Inhibition of vesicular stomatitis virus infection in epithelial cells by alpha interferon-induced soluble secreted proteins.

Author information

1
Department of Molecular Genetics/Virology Section, The Lerner Research Institute, The Cleveland Clinic Foundation, Cleveland, OH 44195, USA.

Abstract

Interferons (IFNs) are potent antiviral cytokines that inhibit infection by a wide spectrum of viruses by activating the Janus kinase/signal transducers and activators of transcription (JAK/STAT) pathway. Several IFN-induced antiviral proteins including 2',5'-oligoadenylate synthetase, dsRNA-activated protein kinase and Mx play a critical role in conferring the antiviral properties of IFN. However, studies have shown that additional antiviral factors are involved in addition to these proteins during IFN-mediated antiviral action. In an effort to characterize these novel antiviral factors, the antiviral mechanism of alpha IFN (IFN-alpha) against vesicular stomatitis virus (VSV) was investigated in human lung epithelial A549 cells. These studies demonstrated that soluble secreted antiviral proteins as the constituents of conditioned medium prepared from IFN-alpha-treated cells reduced VSV infectivity by more than 2 logs, compared with a 4 log inhibition observed following treatment of cells with IFN-alpha.

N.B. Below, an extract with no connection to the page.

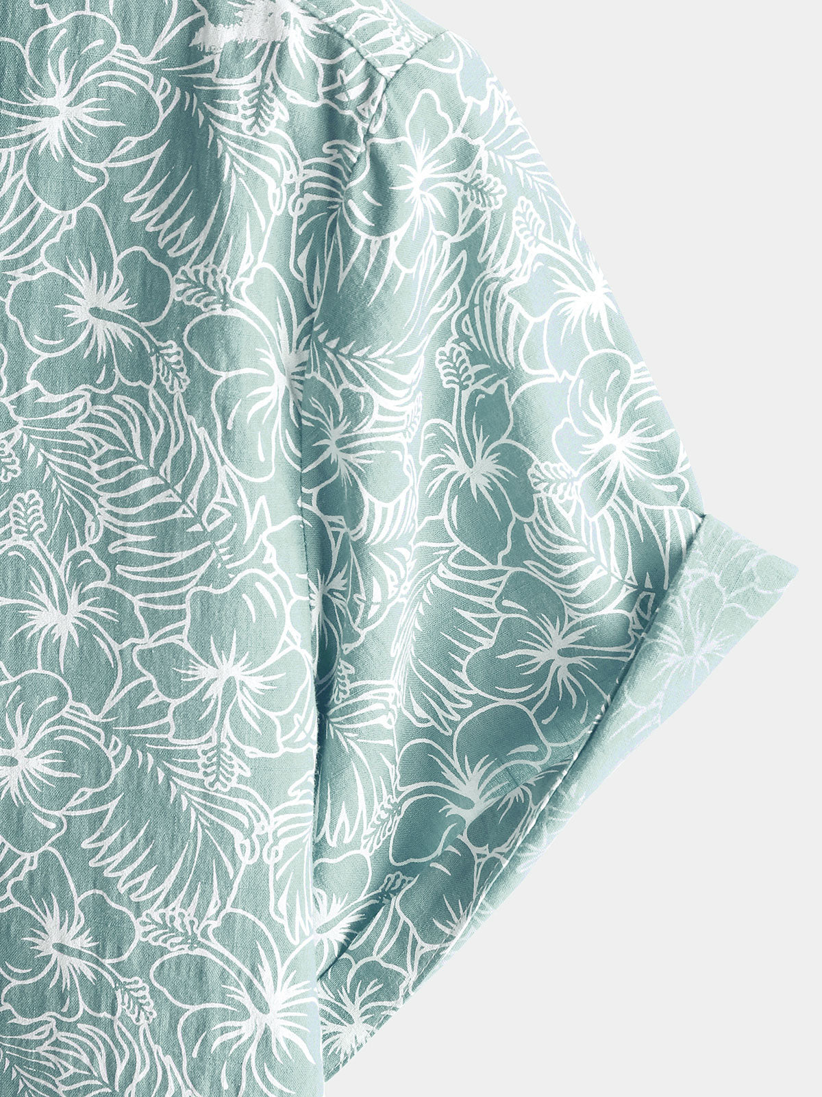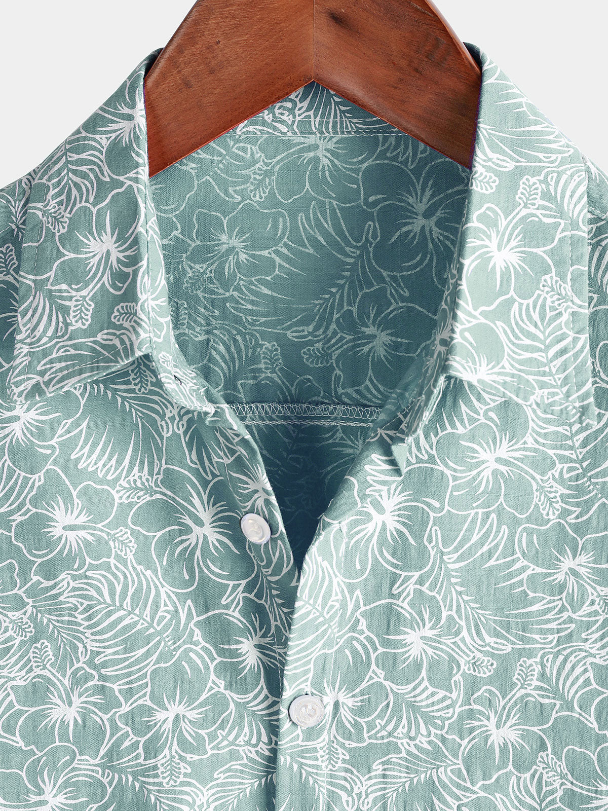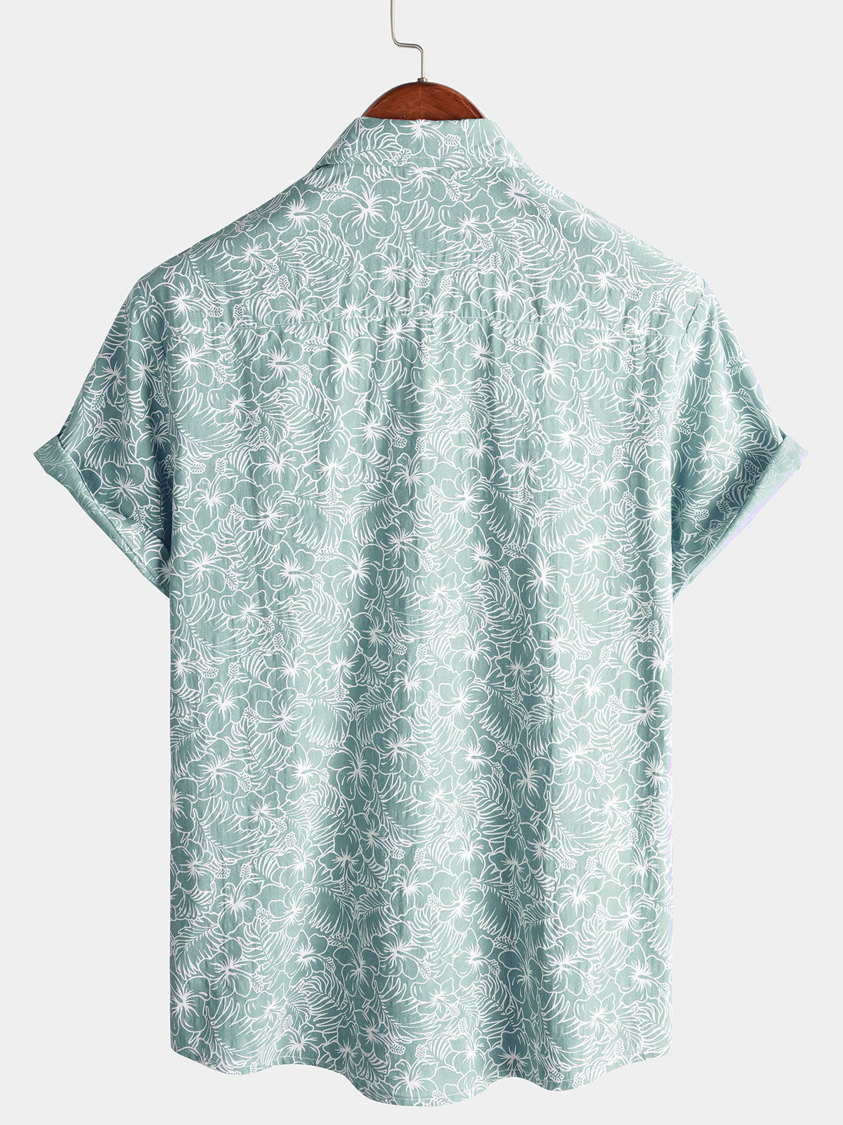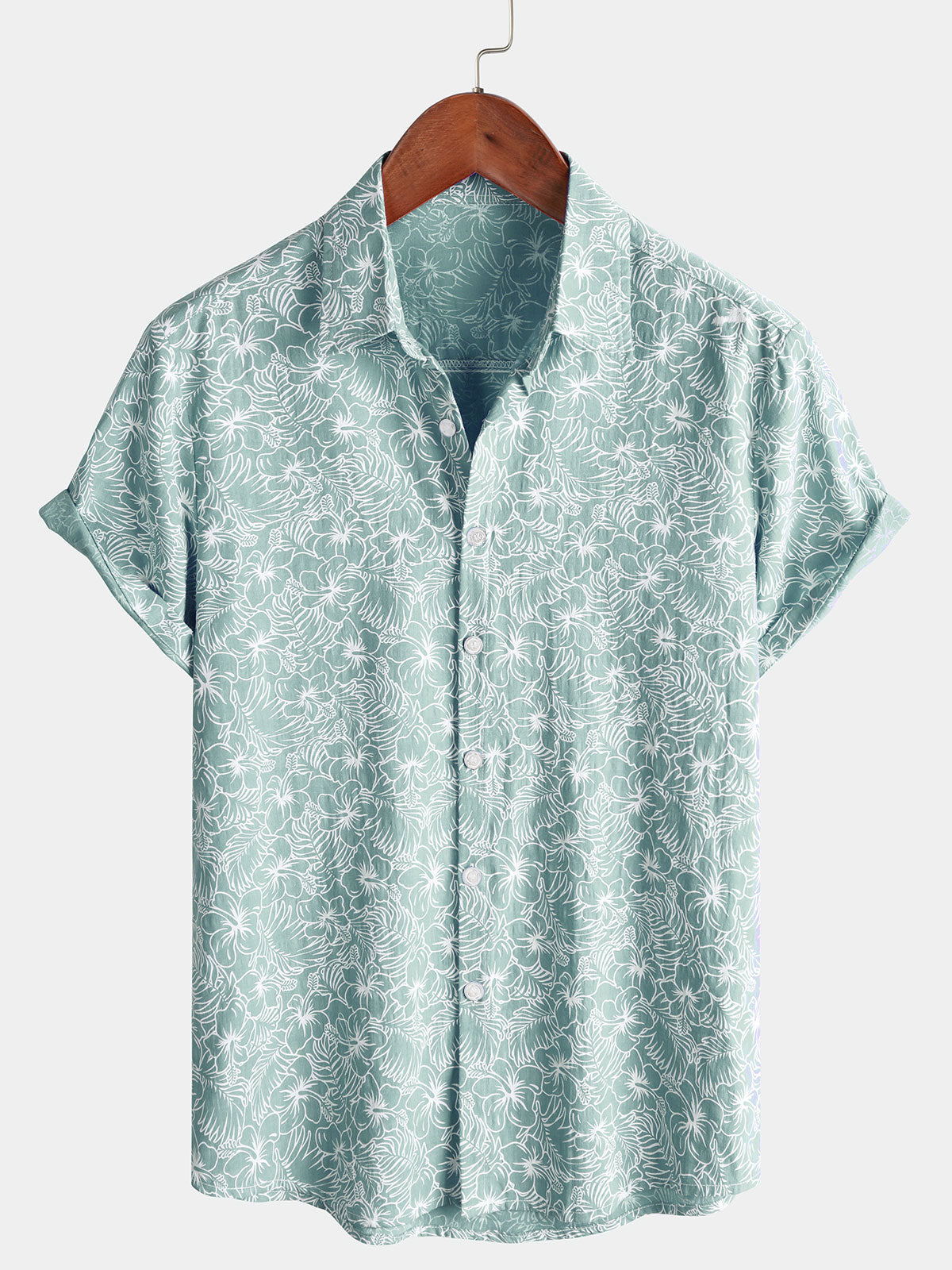 Men's Summer Floral Cotton Short Sleeve Holiday Beach Shirt

The antiviral mechanism of these secreted proteins appeared to act at the level of cellular entry of VSV. Interestingly, the IFN-alpha-induced antiviral proteins were secreted independently of STAT1 (an essential component of the JAK/STAT pathway), demonstrating that the release of such extracellular soluble antiviral proteins from cells may represent an alternative mechanism of the antiviral defence strategy of IFN towards VSV infection.

PMID:
16894205
DOI:
10.1099/vir.0.82039-0
[Indexed for MEDLINE]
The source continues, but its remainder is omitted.